# charter your boat to others ?



## tstewart137 (Oct 4, 2009)

Who has had experience chartering their boat out to others through a charter management company? I am considering it to cover expenses and looking for the voice of experience. Thanks! T.


----------



## tomandchris (Nov 11, 2009)

My boat has been in charter. Not sure what your questions may be or where you are. Bottom line, if it is a good charter company it can be a good experience. Really depends on what type of revenue you want, how much you want the boat to yourself, lenght of season, and risks you are willing to take with the boat. Things break, sometimes more with a non owner handling the boat. 

Be prepared for additional maintenance expenses ( more hours on the boat as it is used more), higher insurance costs, and have a good checklist when you use the boat personally. Things that should be in one place have a habit of being somewhere else when you want them. The good news is that they are usually there as very little has gone missing.

If you have specific questions that you do not want covered on the board send me a PM and we can talk.

Good Luck


----------



## Mdionne (Jun 14, 2010)

If you are looking to reduce expenses, I am interested in sharing a boat (Boston or RI area) and would be interested if the size and location of the boat work.


----------



## Yorksailor (Oct 11, 2009)

All you do when you have a boat in charter is subsidize another persons sailing while massively increasing the depreciation on your boat! You usually get 50% of the income and 100% of the expenses...75% of the income might make it viable.

Voice of experience!!!


----------



## sailingdog (Mar 19, 2006)

I'd point out that the insurance required when putting a boat into charter is generally a lot more expensive...and that often, the boat gets abused pretty badly.


----------



## hellosailor (Apr 11, 2006)

ts-
Are you willing to move your boat worldwide, or is there some specific area where you want to keep it?
Most charter companies are specific to one or more geographic areas. The ones that cover more than one area, usually have age limits on the boats, etc.


----------



## tomandchris (Nov 11, 2009)

Hey, this is a first I think. Dog responded to an old post and did not ask WHY?

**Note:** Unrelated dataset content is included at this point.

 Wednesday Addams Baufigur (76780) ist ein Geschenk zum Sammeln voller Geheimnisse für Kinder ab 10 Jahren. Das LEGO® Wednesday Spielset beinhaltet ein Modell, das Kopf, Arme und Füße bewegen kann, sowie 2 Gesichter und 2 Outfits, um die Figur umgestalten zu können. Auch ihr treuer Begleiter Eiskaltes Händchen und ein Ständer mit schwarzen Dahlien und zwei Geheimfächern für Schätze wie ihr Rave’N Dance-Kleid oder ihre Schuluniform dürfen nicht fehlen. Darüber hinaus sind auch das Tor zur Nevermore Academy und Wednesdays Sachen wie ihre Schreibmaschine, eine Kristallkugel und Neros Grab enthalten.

Are you relaxing or something?


----------



## tomandchris (Nov 11, 2009)

Oh, by the way, all responses are correct. Just depends on what you are trying to accomplish and the restrictions you put on the chartering. However, the OP has not been back for a month so who cares?


----------



## gardeningal (Mar 4, 2009)

Don't do it, Yorksailor is exactly right!


----------



## LakePirate (May 10, 2008)

So, in considering taking occasional sabbaticals, say three to five weeks every four to six months or so, which would be better? To charter a boat at different locations for the time off. Or to purchase a boat and keep it on a mooring or slip at some predetermined location to be used for the time off. Seems like the cost associated with just keeping a boat moored, insured and making payments would be far greater than chartering one occasionally. Maybe this is where chartering one out plays a roll. 

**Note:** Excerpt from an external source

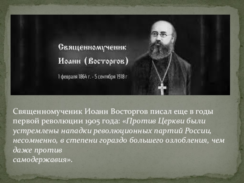 Слайд 5Священномученик Иоанн Восторгов писал еще в годы первой революции 1905

I know this is not the OP's original question but It came to mind as I was ready the thread.


----------



## tomandchris (Nov 11, 2009)

LakePirate,

Really depends on the size of the boat, where it is, expenses to get to it, maintenance, etc..

A relatively new 30 something boat is going to cost you about $3000 a week plus your operating costs and transient mooring costs. Maintenance is someone elses problem as is insurance, etc..

Buying a boat in one area will cost you dependent on how big, new or old it is. Maintenance will be your problem. Moorage will be your problem. Insurance will be your problem. When you arrive and it does not start....that is also your problem and the days are adding up while it gets fixed on your sabbatical. This can also happen in charter, but not as likely.

If you put a boat in charter in the BVI's or similar you can use it per aggrement and still do OK financially. However, you will be sailing the same area most of the time.

Bottom line, it really depends on what and where you want to sail and how much hassle you are willing to put up with for the pleasure.


----------